In an agreement signed with the U.S. Attorney’s Office Friday during a regular meeting of the Tribes’ board of directors, tribal prosecuting attorney Sharon Jones Hayden was appointed Special Assistant U.S. Attorney with expanded authority over domestic violence cases.

Hayden’s appointment is part of a federal pilot program to allow tribes to start exercising this new authority under the 2013 reauthorization of the federal Violence Against Women Act, which recognizes the authority of tribes to prosecute certain domestic violence crimes committed on tribal lands by non-Indians as well as Indians.

A 1978 U.S. Supreme Court ruling, Oliphant v. Suquamish Indian Tribe, prevents Tribal Courts from filing charges against non-tribal defendants, even if they occurred on Indian reservations, without special authorization from Congress.

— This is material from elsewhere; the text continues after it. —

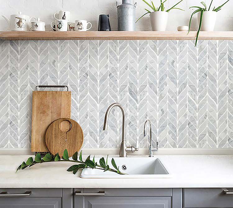Material: Cararra White Leaf Shaped Mosaic
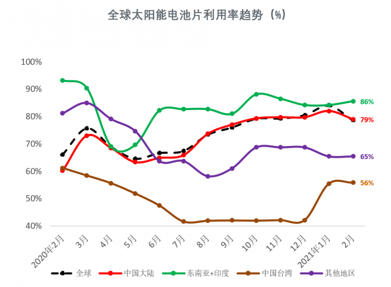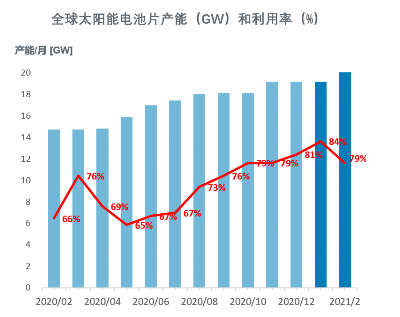 2021年2月,由于中國市場經歷了春節假期,全球及中國大陸地區電池片產能利用率下降至79%

The pilot program has three goals: to strengthen tribal justice systems, to decrease domestic violence on tribal lands and to ensure that criminals are prosecuted in the most effective manner available.

One U.S. Department of Justice study looking at crime from 1992-2002 found the majority of violent crimes against Indians were committed by non-Indians.

While the Tulalip Tribes have more than 4,000 registered members, the majority of people who live on their reservation are not Native American.

Tribal courts can only impose maximum sentences of three years in jail, which means the worst domestic violence cases wind up in the hands of federal prosecutors who often don’t have the resources to take on any but the most serious cases.

In testimony before the U.S. Senate last year, Tulalip Tribal Court Chief Judge Theresa Pouley noted that while the Tulalip Tribal Court prosecuted 493 criminal cases in 2006, the U.S. Department of Justice’s own statistics showed federal prosecutors brought just 606 cases that year in all of Indian Country, comprising more than 562 tribes.

“This number is unacceptable in the face of the staggering statistics of violent crime in Indian Country,” Pouley said in her statement to the Senate.

Hayden has worked for the Tulalip Tribes since August 2012. She’d earlier led the domestic violence unit for the Seattle city attorney’s office.

“I think, in addition to having the support of the members of the U.S. Attorney’s office and FBI, I see part of my role as bringing the values of the tribe, of Indian Country, to them, too,” Hayden said.

If the Tulalip community is better served by a case being tried in Tribal Court, Hayden’s new role makes that a possibility.

Likewise, in a serious case such as murder, which needs to be tried in federal court to ensure a just sentence, Hayden’s new status allows her to appear in federal court on behalf of the U.S., she said.

“I think it’s a much more efficient use of resources we have,” Hayden said.

The other two tribes taking part in the pilot program are the Confederated Tribes of the Umatilla Indian Reservation in Oregon and the Pascua Yaqui Tribe in Arizona. The program will become available to all other qualifying tribes in 2015.

“The Tulalips are one of the handful of tribes in this country with a robust enough judicial system to qualify for the program,” said Jenny Durkan, U.S. Attorney for the Western District of Washington.

Durkan added that Hayden’s role in the tribal court system is also an opportunity to take a more holistic approach to crime in Indian Country because she can bring counsel and a tribal perspective that federal prosecutors might not have.